Without the images, write out the whole listing exactly.

▶ Dataset excerpt:
= Beginning of Section =

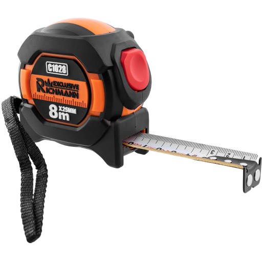 Wysokiej jakości profesjonalna miara zwijana o wymiarach 8 m x 25 mm.Dwustronna taśma (biała/żółta) z I klasą dokładności.Wyposażona w mechanizm automatycznego blokowania „AUTO-STOP” taśmy podczas rozwijania.Wyraźne cyfry oraz dobrze widoczna podziałka.Taśmę możemy zwinąć wciskając specjalny przycisk zwalniający blokadę, umieszczony w czołowym odcinku korpusu.Mechanizm zwijania działa błyskawicznie i płynnie.Na początku taśmy znajdują się mocne magnesy neodymowe, ułatwiające rozpoczęcie pomiaru z metalowych elementów.Zaczep z otworem rozpoczynający pomiar został solidnie przymocowany trzema nitami.Specjalna konstrukcja miarki chroni dłoń przed zranieniem podczas zwijania.Pokryta nylonem zapobiegającym załamaniom oraz ułatwiającym odczyt w słoneczny dzień.Powłoka nylonowa dodatkowo zapobiega powstawaniu korozji czy wycieraniu podziałki.Miara posiada nylonowy pasek na nadgarstek wykonany z mocnego tworzywa.Ergonomiczny kształt pokryty antypoślizgową gumą ABS.Wyposażona w metalowy zaczep do paska.Solidna jakość wykonania gwarantuje długotrwałe użytkowanie.Miarka spełnia wszelkie normy europejskie CE.Jakość premium.
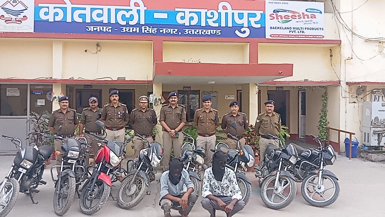 काशीपुर। आठ मोटर साईकिल, एक आईफोन और दो चाकू के साथ काशीपुर पुलिस ने 02 शातिर चोर गिरफ्तार किए।
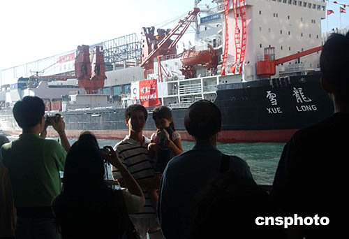 中國破冰船“雪龍號”抵達香港補給并停泊在尖沙咀海運碼頭,這艘唯一能在極地航行的破冰船,冀三日的訪港活動,擴闊港人視野。“雪龍號”將啟程往南極挑戰南極的最高點,這將是中國人首次深入南極內陸一千三百公里,創造中國南極考察史新紀錄。圖為10月30日大批香港市民前來圍觀“雪龍號”破冰船。作者:尚金生
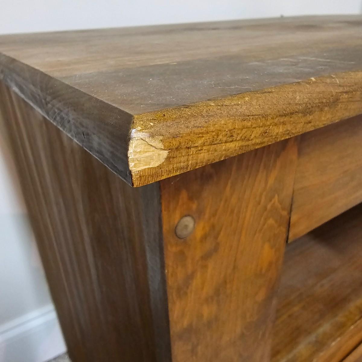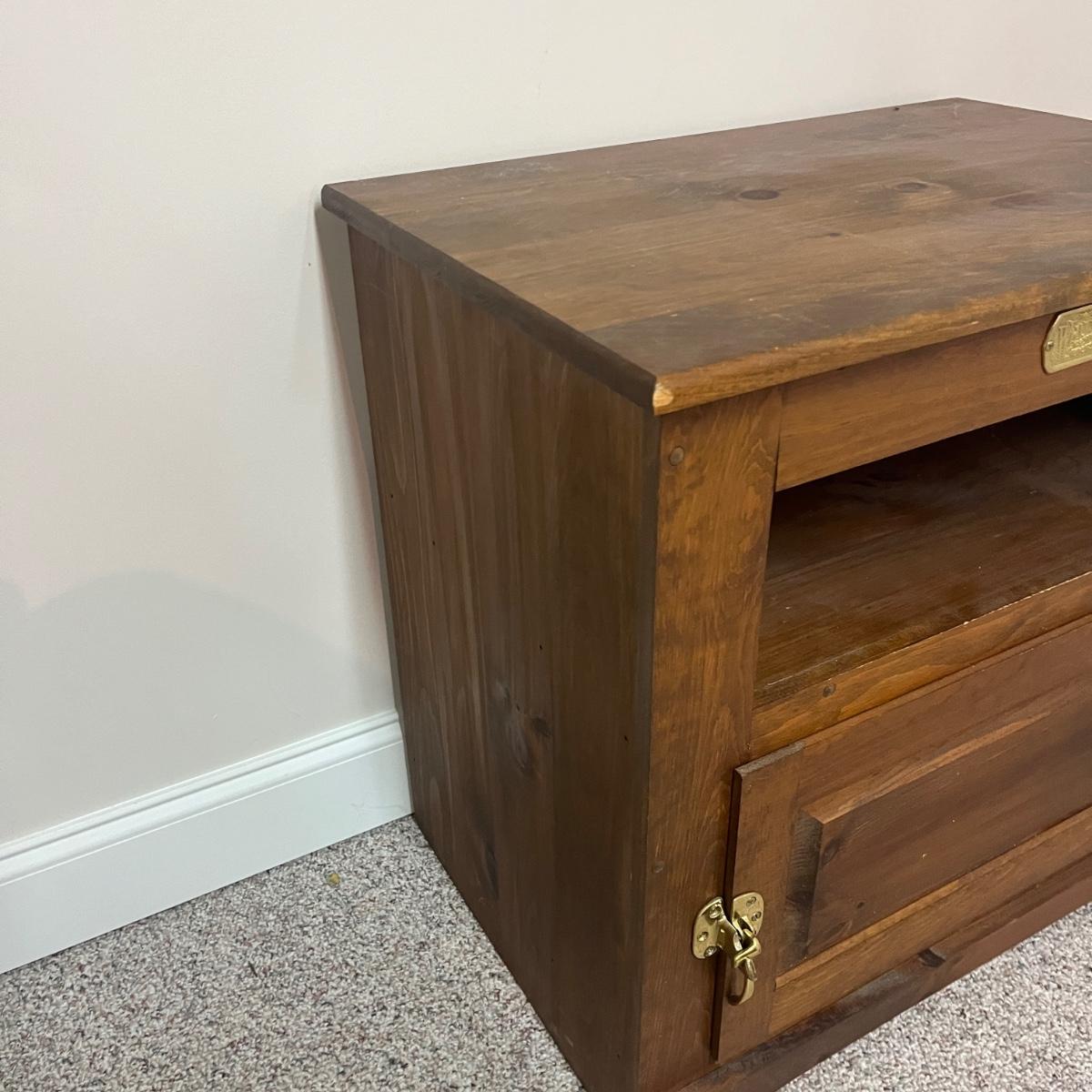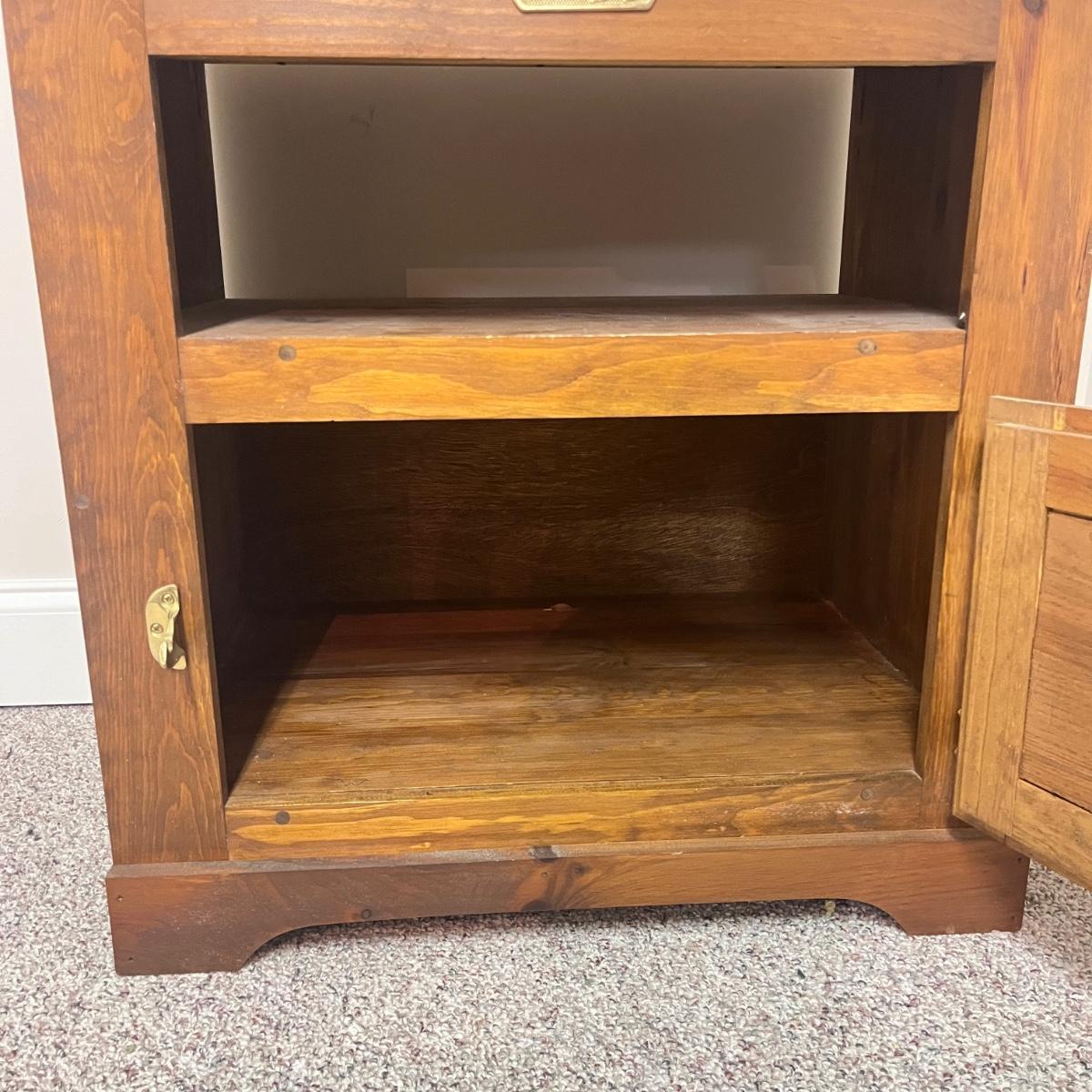 This White clad wooden end table is made to look like an old school icebox and has brass latch and hinges. Table measures 26.5” x 18" x 26.5”H. Table has one chip on corner and top has discoloration, see pictures.

= End of Section =

▶ Written answer:
 Wysokiej jakości profesjonalna miara zwijana o wymiarach 8 m x 25 mm.Dwustronna taśma (biała/żółta) z I klasą dokładności.Wyposażona w mechanizm automatycznego blokowania „AUTO-STOP” taśmy podczas rozwijania.Wyraźne cyfry oraz dobrze widoczna podziałka.Taśmę możemy zwinąć wciskając specjalny przycisk zwalniający blokadę, umieszczony w czołowym odcinku korpusu.Mechanizm zwijania działa błyskawicznie i płynnie.Na początku taśmy znajdują się mocne magnesy neodymowe, ułatwiające rozpoczęcie pomiaru z metalowych elementów.Zaczep z otworem rozpoczynający pomiar został solidnie przymocowany trzema nitami.Specjalna konstrukcja miarki chroni dłoń przed zranieniem podczas zwijania.Pokryta nylonem zapobiegającym załamaniom oraz ułatwiającym odczyt w słoneczny dzień.Powłoka nylonowa dodatkowo zapobiega powstawaniu korozji czy wycieraniu podziałki.Miara posiada nylonowy pasek na nadgarstek wykonany z mocnego tworzywa.Ergonomiczny kształt pokryty antypoślizgową gumą ABS.Wyposażona w metalowy zaczep do paska.Solidna jakość wykonania gwarantuje długotrwałe użytkowanie.Miarka spełnia wszelkie normy europejskie CE.Jakość premium.
 काशीपुर। आठ मोटर साईकिल, एक आईफोन और दो चाकू के साथ काशीपुर पुलिस ने 02 शातिर चोर गिरफ्तार किए।
 中國破冰船“雪龍號”抵達香港補給并停泊在尖沙咀海運碼頭,這艘唯一能在極地航行的破冰船,冀三日的訪港活動,擴闊港人視野。“雪龍號”將啟程往南極挑戰南極的最高點,這將是中國人首次深入南極內陸一千三百公里,創造中國南極考察史新紀錄。圖為10月30日大批香港市民前來圍觀“雪龍號”破冰船。作者:尚金生
 This White clad wooden end table is made to look like an old school icebox and has brass latch and hinges. Table measures 26.5” x 18" x 26.5”H. Table has one chip on corner and top has discoloration, see pictures.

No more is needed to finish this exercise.